Бабушка идет к выходу, оборачивается в дверях и говорит Ане:
— Переходила бы, девка-матушка, с почты ко мне… У меня, хоть и прохудилась крыша, а не каплет. Я и сварю, я и сказку скажу… Не бойсь, Аннушка, чужедворкой не будешь… Подумай…
Григорий Куликов откашливается, чтоб съязвить, но Аня говорит назло ему:
— Хорошо, я подумаю.
Потом учительница листает толстый справочник городских индексов, а Куликов смотрит в окно. Оба они пенсионеры, им скучно в домах, а почта для них как клуб.
А зима идет к концу неделя за неделей.
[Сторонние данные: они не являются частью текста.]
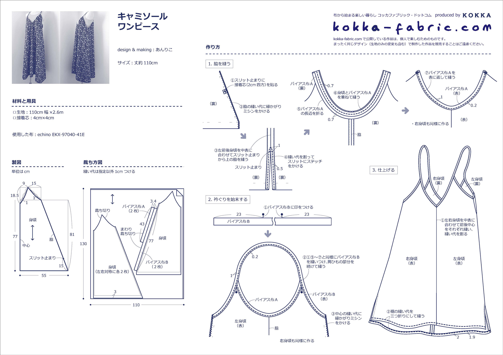 KF:あんりこさん、どうもありがとうございました!キャミソールワンピースの作り方プロセスもあんりこさんに撮影していただきましたので、ぜひ、作り方シート(PDF)と合わせて参考にしてくださいね。

И вроде бы эта жизнь ничем не отличается от той, степной: тут поселок — там село. Тут простые люди и простой говор — и там. Молодость ее искала крупных перемен и больших сравнений, умом она сопротивлялась этой своей нынешней жизни, а душой чувствовала, как взрослеет. Менялись ожидания, ей уже нравилась тайга, близкие гудки рабочих поездов, и она писала домой нечастые, но длинные и нежные письма. Лицо Славы затерялось в памяти, стерлось, и она уже не знала: так ли хочется слова видеть его, как прежде.
В первый понедельник апреля появился Слава и по-деловому, не давая себе удивиться, спросил:
— Ты что, уже здесь?
— Здесь, — подтвердила Аня, не представляя: что же нужно делать.
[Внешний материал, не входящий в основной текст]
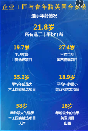 从年龄看,由于世赛选拔项目对年龄有限制,年轻选手多。全部选手平均年龄21.8岁,最大的58岁,最小的16岁,30岁以下的占90%。其中世赛选拔项目平均年龄19.7岁,国赛精选项目平均年龄27.4岁。选手平均年龄最大的项目是木工国赛精选项目,平均年龄35.2岁;年龄最小的项目是美容项目和美发项目,平均年龄均为18.9岁。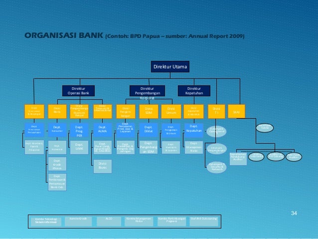 - 34. Komite Teknologi Sistem informasi Komite Kredit ALCO Komite Manajemen Risiko Komite Pertimbangan Pegawai Staf Ahli Outsourcing Direktur Operasi Bank Direktur Utama Direktur Pengembangan Korporat Direktur Kepatuhan Divisi Perencanaan & Keuangan Divisi Bisnis Divisi Pengembanga n Ekonomi Rakyat Divisi Treasury & Internasional Divisi Pengem- bangan Divisi SDM Divisi Umum Divisi Kepatuhan & ManRisk Divisi T I SKAI Dept. Perencanaan Perusahaan Dept. Akuntansi, Pajak & Pelaporan Dept. Pembinaan & Pemantauan Bisnis Cab. Dept. Konsumer Dept. Komersial Dept. Kredit Khusus Dept. Prog. PER Dept. UMK Dept. ALMA Dept. Pasar Uang, Pasar Modal, SB, Likuiditas Divisi Bisnis Dept. Kepatuhan Dept. Manajemen Risiko Dept. Pengadaan & Umum Dept. Inventaris & Layanan Dept. Diklat Dept. Pengmbang an SDM Dept. Pemasaran Prod, Jasa & Layanan Dept. Penelitian & Pengmb. Org Jaringan Departemen Pendukung Auditor Auditor di Ktr Cabang Kelompok Auditor Kelompok Operasional TI Kelompok Pengembangan T Kelompok TI Security & Network Quality Insurance Kelompok Teknis ORGANISASI BANK (Contoh: BPD Papua – sumber: Annual Report 2009) 34

— Даешь, подружка, — слегка озадачился он. — Ну? И куда я с тобой? У меня ни кола ни двора. Вот, — он достал прищепку из кармана кожанки, — только прищепка! Как она ко мне попала — не знаю…
— А ты меня ни с кем не путаешь? — В Ане росло сопротивление силе, которая снова и мощно врывалась в ее новую жизнь. — Похоже, путаешь…
Он пощелкал прищепкой:
— Брось ты!
— Что: брось?
— Не надо. Будьте проще с коллективом. Ты ведь Аня?